Cyberattaques sur les identités: analyse du Microsoft Digital Defense Report de 2025

06 novembre 2025

Les attaques basées sur l'identité dominent le paysage des cybermenaces (et font la une des journaux). S'agit-il d'une tendance entièrement nouvelle, ou est-ce seulement l'accent mis sur ces attaques qui est nouveau ?

Nick Ascoli, chercheur en sécurité et animateur de Leaky Weekly, s'est entretenu avec Mike Iaconiani, expert en sécurité des identités chez Flare, au sujet du rapport 2025 de Microsoft sur la défense numérique et de leurs questions à ce sujet. 

Dans ce récapitulatif hebdomadaire de Leaky, nous abordons les points suivants :

  • L'identité est-elle importante ? vraiment Un problème si important ?
  • Une sécurité qui prend en compte les agents d'IA et les identités non humaines
  • Augmentation des attaques par pulvérisation de mots de passe et des vols de jetons 
  • Le rôle des intermédiaires d'accès initial dans la cybercriminalité
  • Les modifications de jeux (mods) comme vecteur d'attaque inattendu
  • Remise en question des rapports de Microsoft sur les attaques de voleurs d'informations

Suivez ce reportage sur Spotify, Podcasts Apple, YouTube (ci-dessous), et/ou continuez à lire cet article pour en découvrir les points saillants.

La sécurité de l'identité est-elle un nouveau sujet de discussion ?

Ces deux dernières années, l'accent a été mis sur la protection des identités. Cela s'explique probablement par le fait que les données sensibles et réglementées, auparavant stockées sur site, sont désormais hébergées dans une application SaaS. De plus, une simple authentification via un cookie ou une autre forme d'accès à une application SaaS est possible. 

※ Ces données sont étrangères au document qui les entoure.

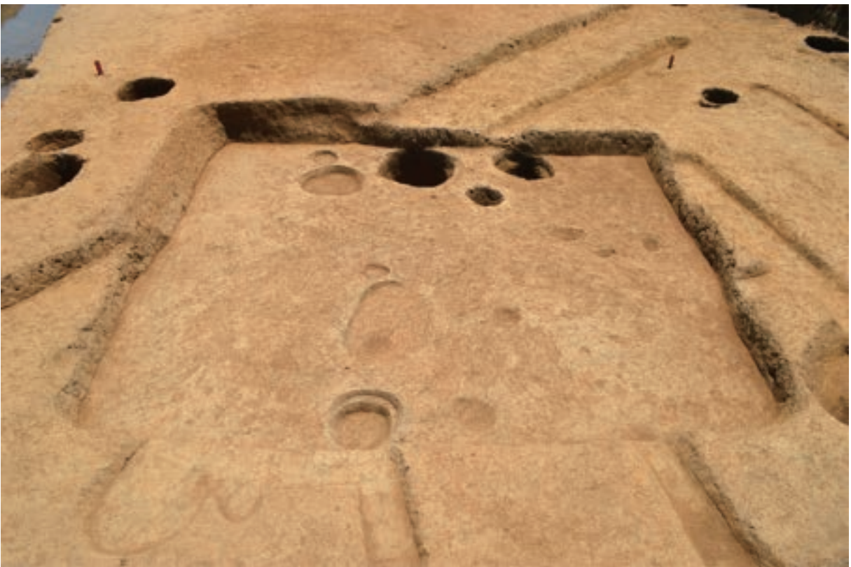
A 3区 竪穴建物S379（北西から）
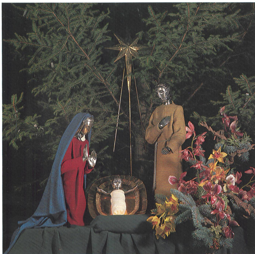
St. Marien, Olten

Die Darstellung ist einem volkstümlichen, unabstrakten Realismus verpflichtet und wirkt besonders durch ihre Monumentalität und Farbenpracht. Sie nimmt einen ganzen Seitenaltar ein und macht wegen der Kulissen und deren Tiefenwirkung einen recht theatralischen Eindruck im Sinne einer eigentlichen Guckkastendarstellung. Symbolisch ist die Verwendung der Farben, z. B. bei den Zentralfiguren Maria (Rot = Liebe, Blau = Treue), Josef (Gelb = Weis-
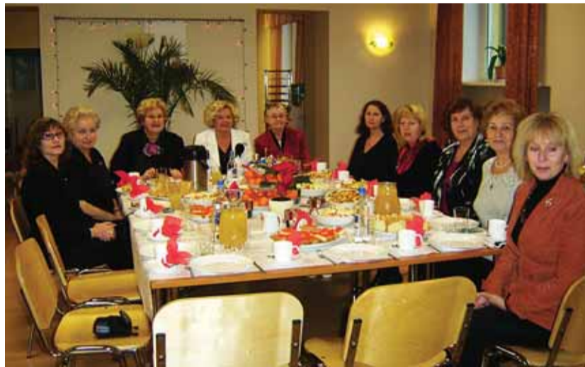
Tallinna Kesklinna Sotsiaalkeskuse kollektiiv. Kesklinna valitus tänab kõiki sotsiaaltöötajaid tehtu eest ja soovib rohkem rõõmuhetki nende raskes töös.

Hea on tõdeda, et positiivset ja rõõmustavat on sotsiaalkeskuse poolt igapäevaselt tehtavas sotsiaaltöös siiski rohkem kui murettekitavaid asjaolusid. ■
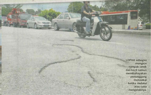
LOPAK sebegini mungkin nampak kecil dan kecil namun membahayakan penunggang motosikal ketika melalui atau cuba mengelaknya.
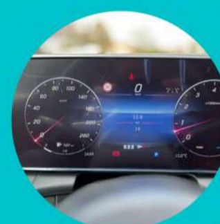
לוח שעונים דיגיטלי בגודל "12.3 עם מצבי תצוגה משתנים מערכת MBUX עם צג-מגע מרכזי בגודל "11.9"
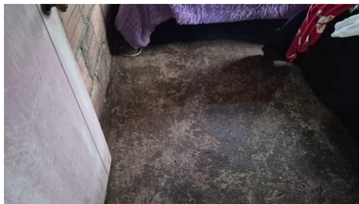
Figuras 5, 6 y 7. Área de las habitaciones en donde se implementarán las acciones de enchape.
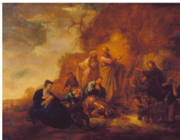
Fig. 2a - Jacob de Wet, Moisés no Rochedo de Horeb , pintura sobre madeira, 60 x 78 cm, séc. XVII, MNAA 1484 Pint.

Antes de chegar a Portugal, D. Fernando realizou um périplo por vários países europeus, sabendo-se que gravou durante a viagem um álbum 8 cujo paradeiro é hoje desconhecido. O mesmo tinha pertencido ao plenipotenciário belga Sylvain Van de Weyer, nomeado por Leopoldo I, tio do futuro rei, para o acompanhar a Portugal. É constituído, entre outros, por 43 desenhos e 11 águas-fortes, “na sua maioria da vida campestre portuguesa e de animais, assinadas e datadas de 1835-1837”. De acordo com a mesma descrição, uma das águas-fortes nele contida apresentava a inscrição a lápis “Estampada em Bruxelas 20 exemplares”, acrescentando-se que rainha Luísa dos belgas, tia de D. Fernando, “fez morder a chapa a bordo do Manchester a 2 de Abril de 1836” (Soares 1952, 67-68). Significa portanto que a arte da gravação foi um trabalho contínuo ainda antes de pisar território luso.
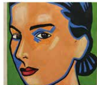
2° posto - Rebecca Delgado

Il y a une dizaine d'années, les acteurs malveillants devaient maîtriser le pivotement interne et le piratage, tandis que désormais, ils sont capables de trouver des identifiants fonctionnels avec beaucoup plus d'assurance grâce à de fichiers cleptogiciels et en martelant un portail de connexion. 

Pour compléter ce changement de méthode d'attaque, les acteurs malveillants automatisent désormais les attaques par force brute grâce à des agents d'IA.

Notre conclusion : l’identité est devenue un sujet de discussion plus important ces dernières années, car le stockage des données et les méthodes de connexion ont évolué, tout comme les méthodes des acteurs malveillants. 

Agents IA et identités non humaines : la prochaine frontière

L'une des conclusions les plus novatrices de Microsoft porte sur les identités non humaines : les comptes utilisés par les services, les applications et les agents d'IA/identités non humaines.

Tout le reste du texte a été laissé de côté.